As expected from the known biology, "plasma cells, immunoglobulins (M156.1)" was one of top-ranked gene sets from QuSAGE meta-analysis (Fig 2), and was significantly more up-regulated (day 7 vs. pre-vaccination) in HR compared to LR. In total, QuSAGE meta-analysis identified 11 gene sets associated with a successful antibody response (Table 2). In most cases (8 of 11; 73%), the QuSAGE meta-analysis of these gene sets yielded a lower P value compared with the individual studies.
Table 2. Nominal P values for individual studies and meta-analyses of gene sets significantly associated with successful influenza vaccination responses (FDR < 15%).

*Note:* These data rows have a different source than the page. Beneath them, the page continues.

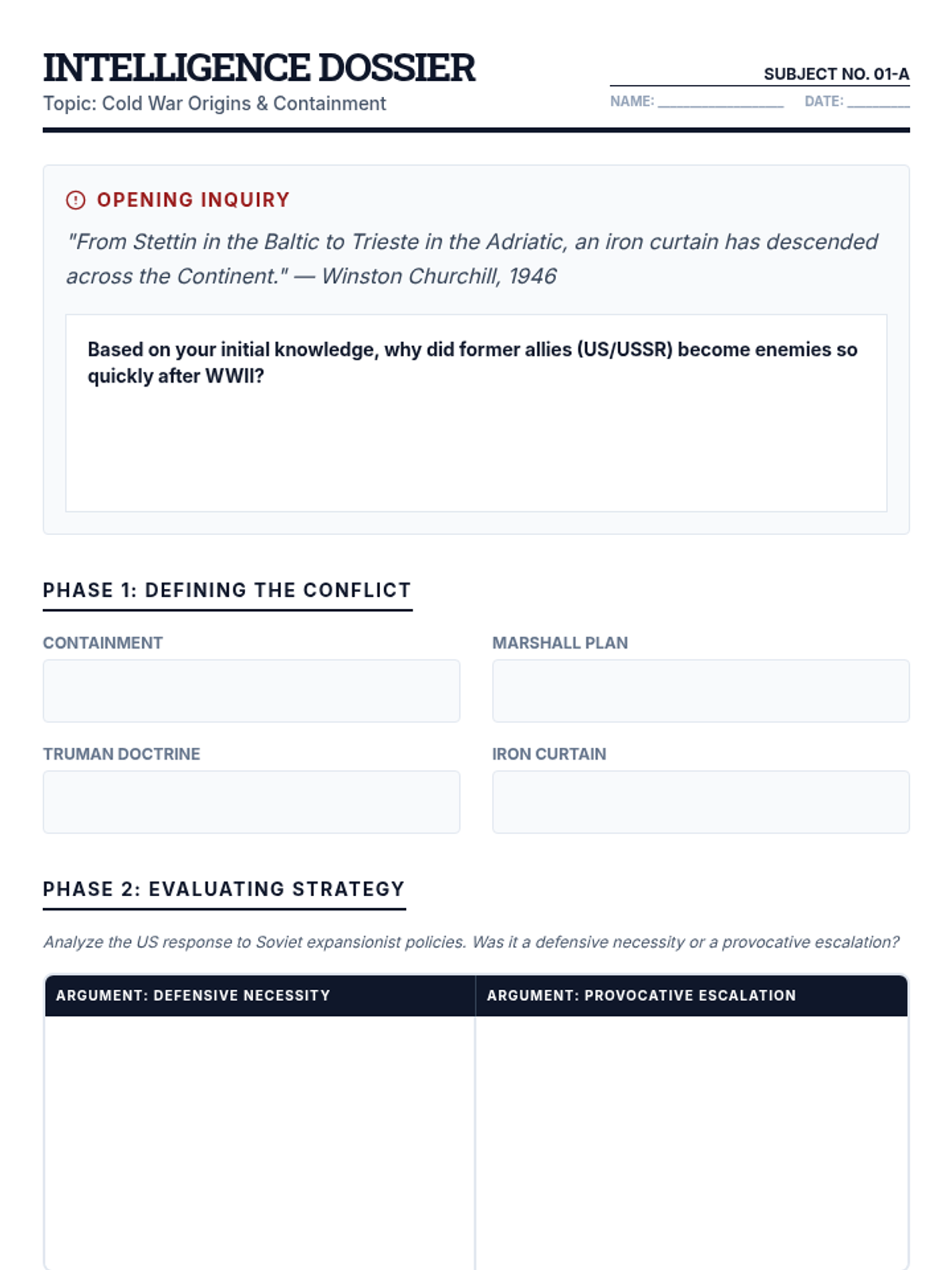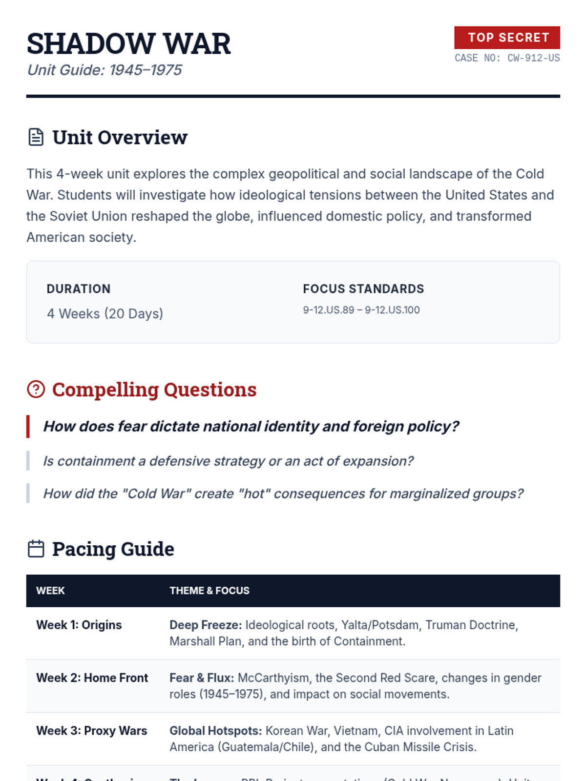 An immersive unit on the Cold War, styled as a series of declassified intelligence briefings exploring the global struggle for power between 1945 and 1991.
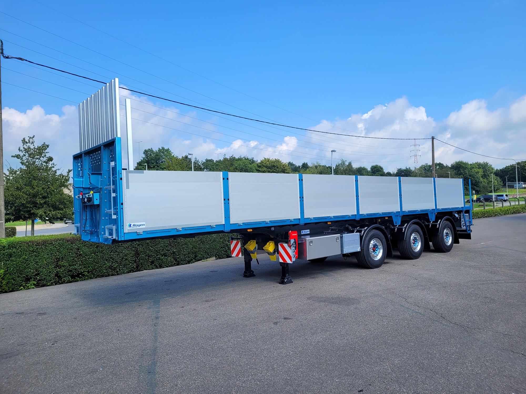 Dit type semi-dieplader roll oplegger bestaat ook in uitschuifbare versie, met in dat geval een hydraulisch gedwongen stuursysteem van Royen.
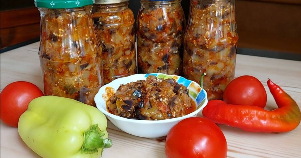 Взять 2 синих фрукта, нарезать кружочками толщиной 2-3 сантиметра. После удаления горечи их обжаривают с двух сторон на растительном масле. Стручки болгарского (3 шт.) и острого перца (1 шт.) чеснок измельчить в блендере. Добавьте 1 столовую ложку сахара, 2 трети соли, 2 столовые ложки уксуса. Все смешанные. Выдержав полчаса, разложить в банки кружочки перца, сверху – острую приправу. В конце заготовку стерилизуют на водяной бане и закатывают крышками.
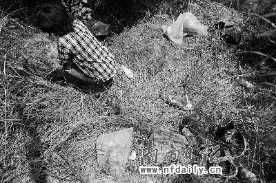昨日下午,蒋某雨等4人带记者来到事发地点。记者发现,此处距最近的工厂约700多米,马路上车来车往,但很少有行人经过。马路边坡下的草丛约一米多高,从坡上很难发现藏在草丛中的人。几只鞋和一条皮带散落在草丛中,蒋某雨说,还有些鞋和裤子被警察拿走了。
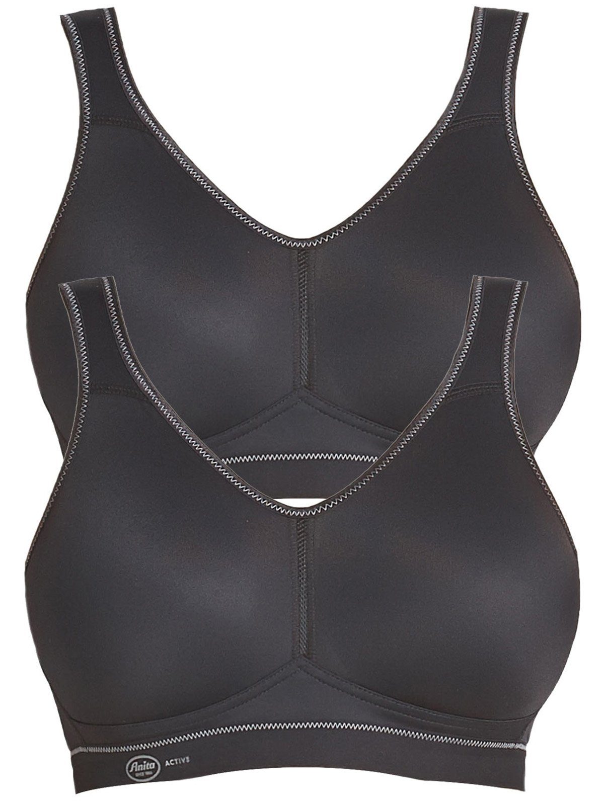 Sport BH von der Marke Anita aus der Serie light & firm. Besondere Merkmale des Artikels sind 2er Sparpack, nahtlos vorgeformte Cups, innen doppelt unterlegt, flaches Unterbrustband, elastische Komfortträger und Häkchenverschluss im Rücken. Anita steht für funktionelle und ästhetische Dessous und Bademode auf höchstem Standard mit optimaler Passform für jede Figur. Anitas Ziel ist Unterwäsche zum Verlieben.
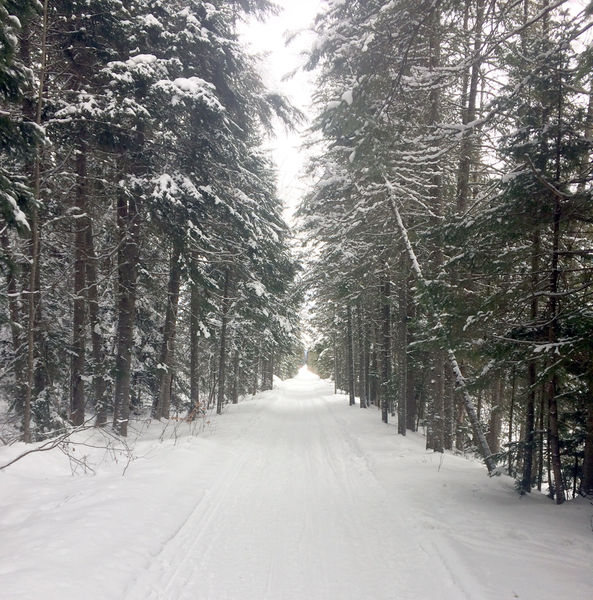 From Merrill Road, ski north through what feels like the darkest part of the trail. Lots of young-ish evergreens crowd the sides of the trail, even though it’s still about six feet wide. Round-trip from Merrill Road to Oregon Plains Road and back is 3.3 miles.
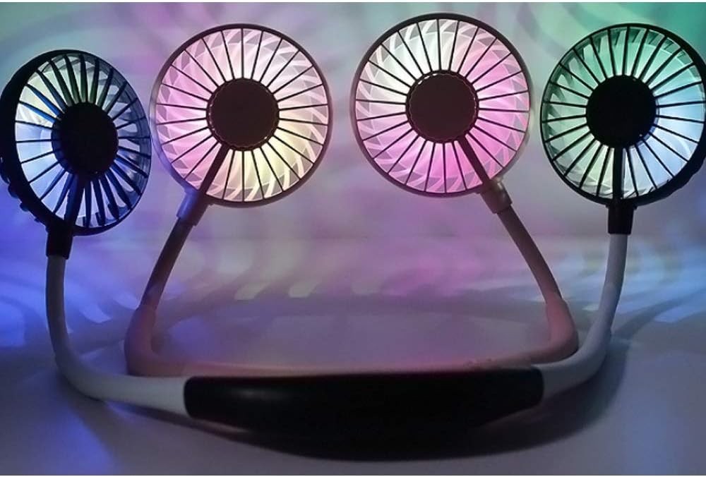 4 Colors Optional: Mini neck double fans are built-in 1200mAh battery, can quickly charging and long time using, Black, Pink, Blue, Green, White, you can according to your likes to choose.
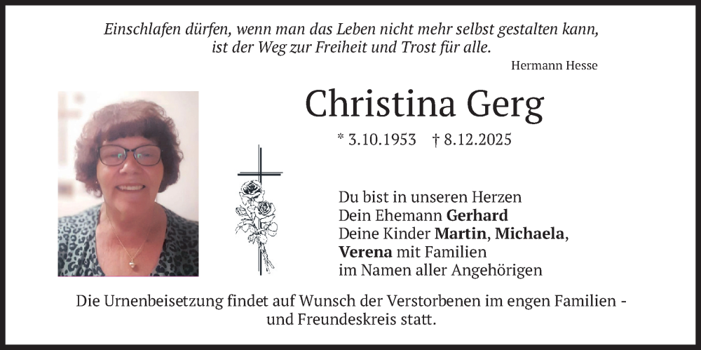 Hier finden Sie alle Traueranzeigen aus der Zeitung, die bisher für Christina Gerg erschienen sind. Weitere Traueranzeigen, die in der Zeitung erscheinen, werden hier ebenfalls aufgelistet
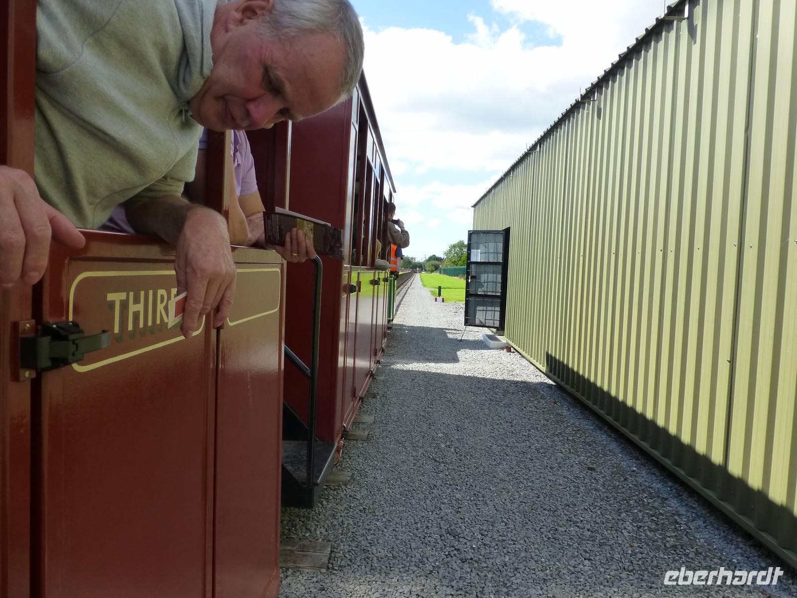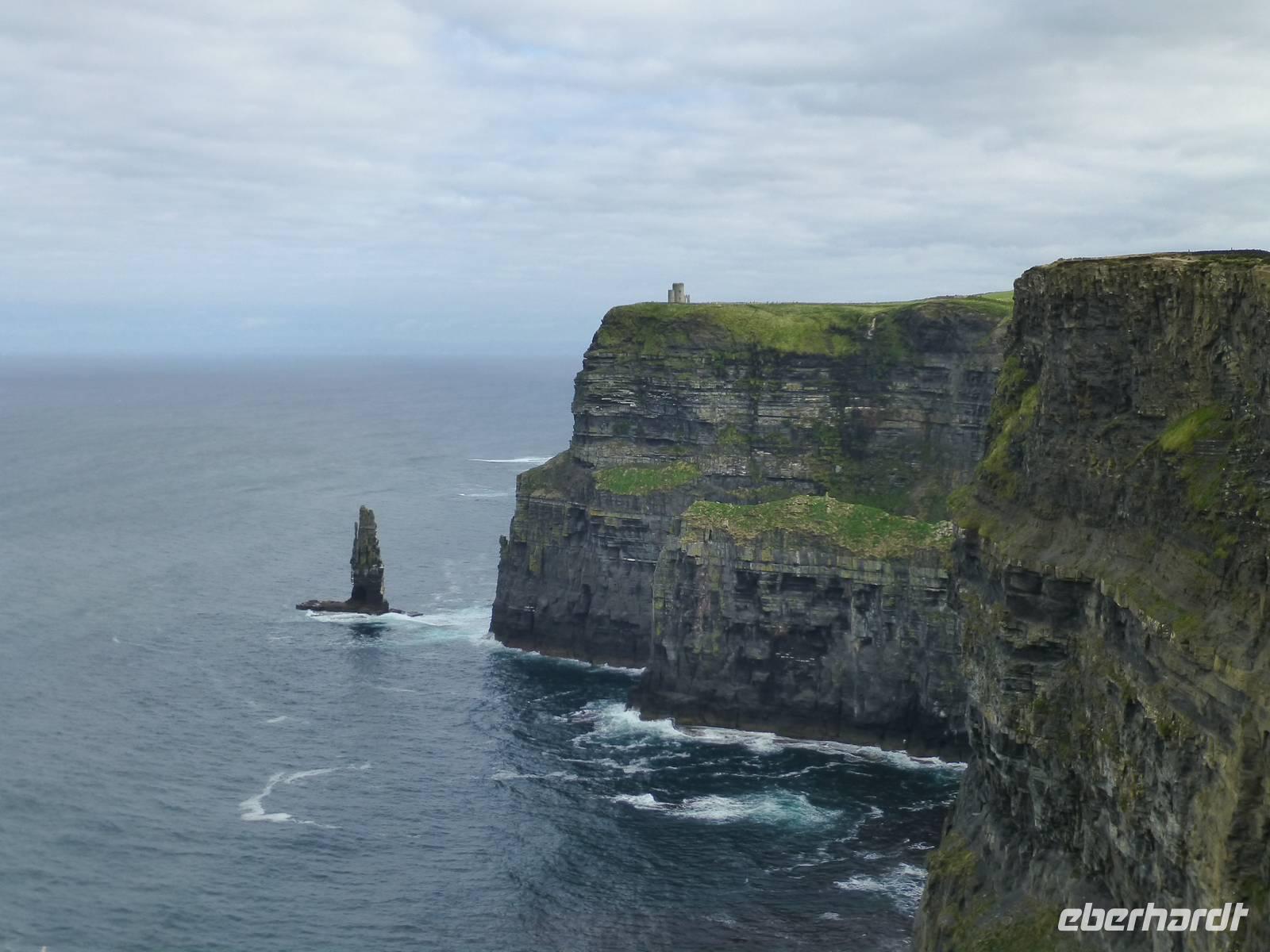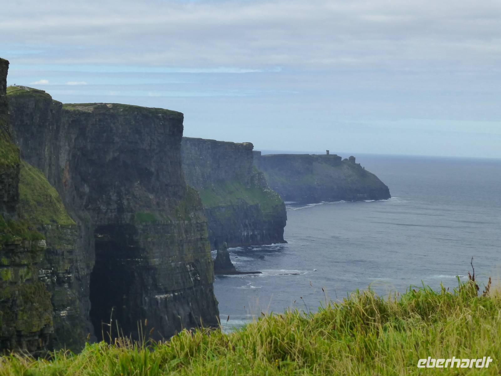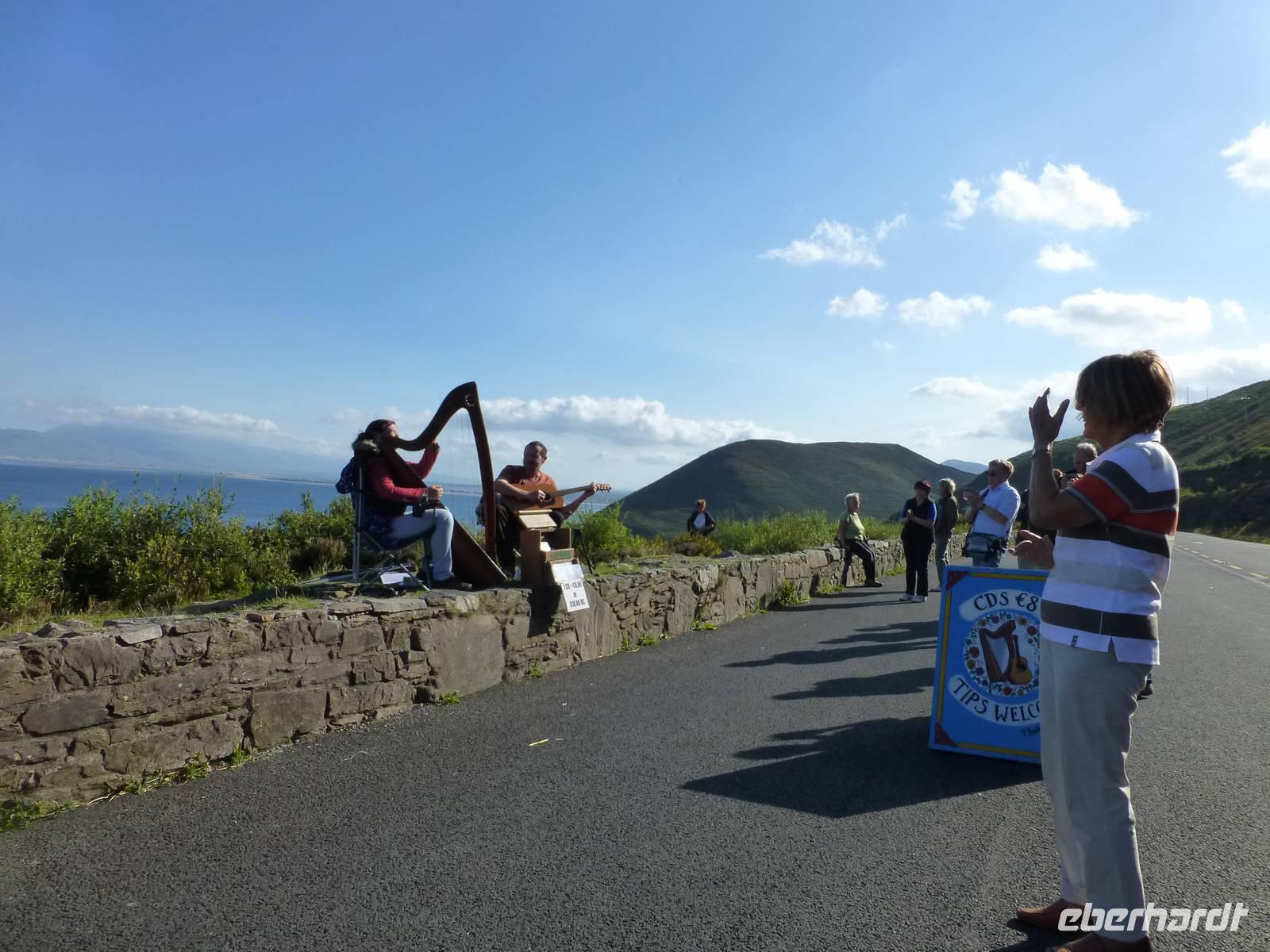Heute strahlt schon am Morgen die Sonne. Wir fahren nach dem Frühstück zu den Cliffs of Moher. Die bis zu 200 Meter hohen Klippen können wir im Sonnenschein genießen, dazu haben wir sie fast allein, denn wir sind recht zeitig da. Entlang der Küste fahren wir über Spanish Point nach Kilimer zur Shannon Ferry um den mit den mit 370 km längsten Fluss Irlands zu überqueren. Nur wenige Minuten haben wir anschließend bis nach Listowel zu fahren. In Listowel gibt es ein technisches Kleinod zu besichtigen, die Lartigue Mono Railway. Es handelt sich dabei um eine kleine Museumseisenbahn, eine Einschienenbahn. Diese ist einmalig in Europa. Gebaut wurde Sie 1888 und war bis 1924 in Betrieb, die Strecke war 10 Meilen lang und führte nach Ballybunion. Wir bekommen eine Führung, sehen einen Film über die Originalstrecke und fahren natürlich auf der nach gebauten Bahnstrecke. Die Dampflok fährt heute zwar mit einem Dieselmotor, das ist aber nicht minder interessant. Mit viel Freude sind die Mitarbeiter dabei uns alles zu zeigen, wir können Fotos machen und werden fotografiert.In Listowel gibt es ein technisches Kleinod zu besichtigen, die Lartigue Mono Railway. Es handelt sich dabei um eine kleine Museumseisenbahn, eine Einschienenbahn. Diese ist einmalig in Europa. Gebaut wurde Sie 1888 und war bis 1924 in Betrieb, die Strecke war 10 Meilen lang und führte nach Ballybunion. Wir bekommen eine Führung, sehen einen Film über die Originalstrecke und fahren natürlich auf der nach gebauten Bahnstrecke. Die Dampflok fährt heute zwar mit einem Dieselmotor, das ist aber nicht minder interessant. Mit viel Freude sind die Mitarbeiter dabei uns alles zu zeigen, wir können Fotos machen und werden fotografiert.Wenig später erreichen wir Tralee und der restliche Nachmittag steht zur freien Verfügung. Nach dem Abendessen im Brandon Hotel gehen wir noch in O'Sheas Pub. Bei traditioneller irischer Musik und einem Guinness genießen wir die Atmosphäre im verlängerten Wohnzimmer der Iren.
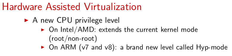 The ARM virtualization extensions are based on the security extensions, commonly known as TrustZone.

Gene Sets | SDY63 | SDY404 | SDY400 | Meta-analysis | ||
---|---|---|---|---|---|---|
QuSAGE | Fisher | Stouffer | ||||
plasma cells, immunoglobulins (M156.1) | 0.001 | 0.044 | 0.304 | 0.004* | 0.001* | 0.007 |
mitotic cell cycle in stimulated CD4 T cells (M4.11) | 0.918 | 0.085 | 0.016 | 0.010* | 0.038 | 0.028 |
respiratory electron transport chain (mitochondrion) (M219) | 0.028 | 0.043 | 0.456 | 0.011* | 0.020 | 0.038 |
Plasma cell surface signature (S3) | 0.227 | 0.022 | 0.504 | 0.011* | 0.062 | 0.069 |
plasma cells & B cells, immunoglobulins (M156.0) | 0.002 | 0.139 | 0.326 | 0.011* | 0.004* | 0.025 |
respiratory electron transport chain (mitochondrion) (M216) | 0.108 | 0.072 | 0.241 | 0.014* | 0.051 | 0.035 |
transcription elongation, RNA polymerase II (M234) | 0.115 | 0.036 | 0.652 | 0.016* | 0.066 | 0.109 |
Memory B cell surface signature (S9) | 0.125 | 0.050 | 0.510 | 0.016* | 0.074 | 0.084 |
cell cycle (I) (M4.1) | 0.527 | 0.106 | 0.065 | 0.017* | 0.082 | 0.034 |
respiratory electron transport chain (mitochondrion) (M238) | 0.044 | 0.083 | 0.464 | 0.019* | 0.047 | 0.068 |
enriched in antigen presentation (I) (M71) | 0.711 | 0.728 | 0.000 | 0.020* | 0.001* | 0.009 |
MHC-TLR7-TLR8 cluster (M146) | 0.469 | 0.082 | 0.001 | 0.306 | 0.003* | 0.001* |
* Gene sets significantly associated with successful responses (FDR 15%), using QuSAGE, Fisher’s method or Stouffer’s method for meta-analysis,
Underlined: Gene sets where QuSAGE meta-analysis yielded lower P values compared with the individual studies
We next compared QuSAGE meta-analysis with other meta-analysis approaches. Existing gene set meta-analysis methods were designed to perform pairwise comparisons between two phenotypes/conditions and cannot be easily applied to the four-way comparison in our case study. For our comparative analysis, we first used Fisher’s method [23] and Stouffer’s method [24] to combine P values from QuSAGE single gene set analysis from each study and compared the results with QuSAGE meta-analysis. Using the same FDR cutoff of 15%, Fisher’s method and Stouffer’s method identified fewer gene sets than QuSAGE. Fisher’s method and Stouffer’s method identified 4 and 1 significant gene sets, respectively, including only a single gene set not found by QuSAGE (Fig 3A, Table 2). It is possible that QuSAGE meta-analysis was more sensitive, and identified additional significant gene sets, compared with Fisher’s method or Stouffer’s method at the cost of decreased specificity. To investigate the specificity of QuSAGE meta-analysis, we permutated the labels of LR and HR individuals 2000 times and applied the same meta-analyses using all three approaches. With the same FDR cutoff 15% applied to each permutation, only 134 out of 2000 permutations generated even a single false positive gene set result using QuSAGE meta-analysis; while 380 and 384 permutations produced false positives when using Fisher’s and Stouffer’s method, respectively (Fig 3B). These results suggest that QuSAGE meta-analysis is conservative and the increased number of significant gene sets identified by QuSAGE in the real data was not due to QuSAGE simply generating lower P values (i.e., QuSAGE meta-analysis is not trading off specificity for sensitivity).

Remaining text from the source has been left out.